◆ DATA PROVIDED:
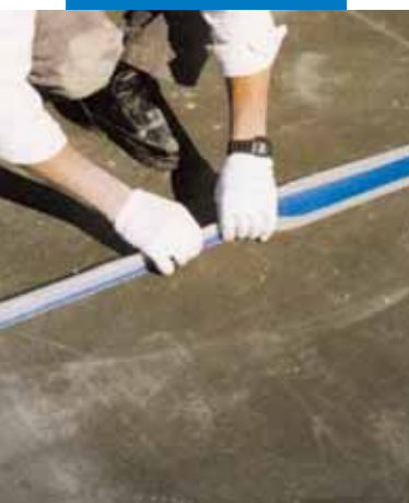
Esempio di impermeabilizzazione di un giunto strutturale in un terrazzo
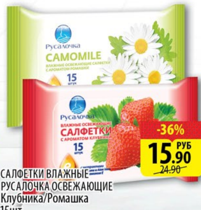
САЛФЕТКИ ВЛАЖНЫЕ РУСАЛОЧКА ОСВЕЖАЮЩИЕ Клубника/Ромашка 15шт
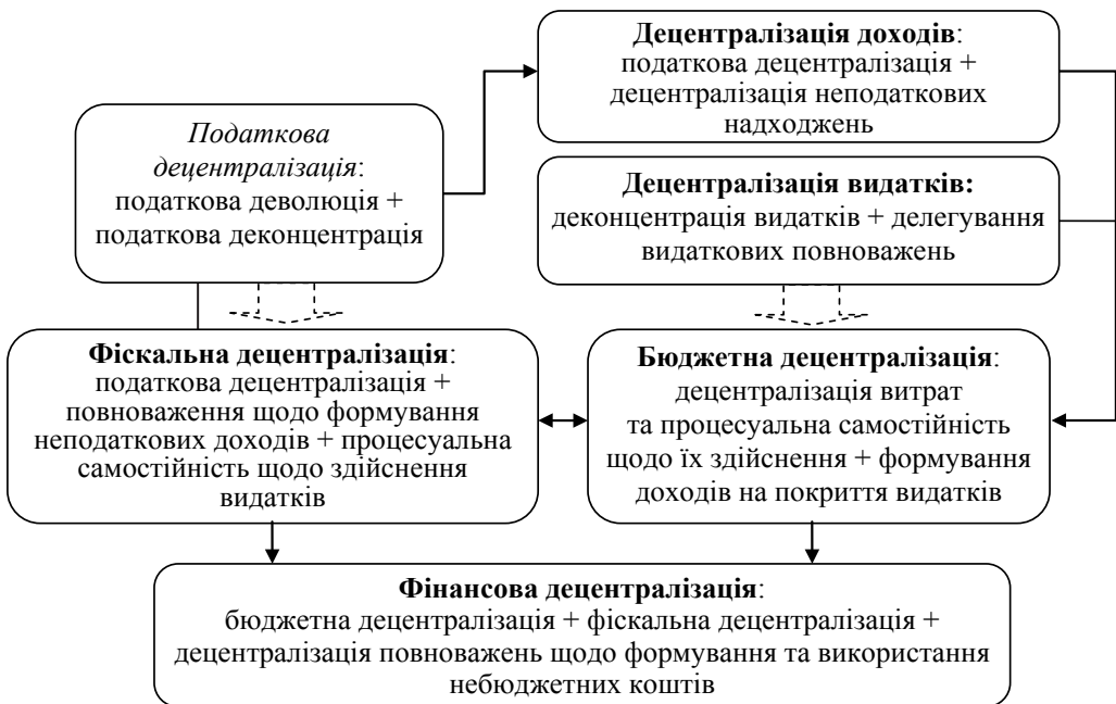
Рис. 1. Декомпозиція поняття «фінансова децентралізація»

При цьому зауважимо, що сьогодні у вітчизняній економічній науці паралельно вживаються поняття «фінансова децентралізація», «фіскальна децентралізація», «бюджетна децентралізація», що мають досить синонімічний характер. Водночас фінансова децентралізація є ширшим поняттям, яке охоплює усю систему фінансової взаємодії між державою та органами місцевого самоврядування (рис. 1).

◆ WHAT TO DO: Up to and including the final line of the data above, please copy every line exactly, starting from the one that contains "Рис. 1. Декомпозиція".

◆ EXPECTED ANSWER:
Рис. 1. Декомпозиція поняття «фінансова децентралізація»

При цьому зауважимо, що сьогодні у вітчизняній економічній науці паралельно вживаються поняття «фінансова децентралізація», «фіскальна децентралізація», «бюджетна децентралізація», що мають досить синонімічний характер. Водночас фінансова децентралізація є ширшим поняттям, яке охоплює усю систему фінансової взаємодії між державою та органами місцевого самоврядування (рис. 1).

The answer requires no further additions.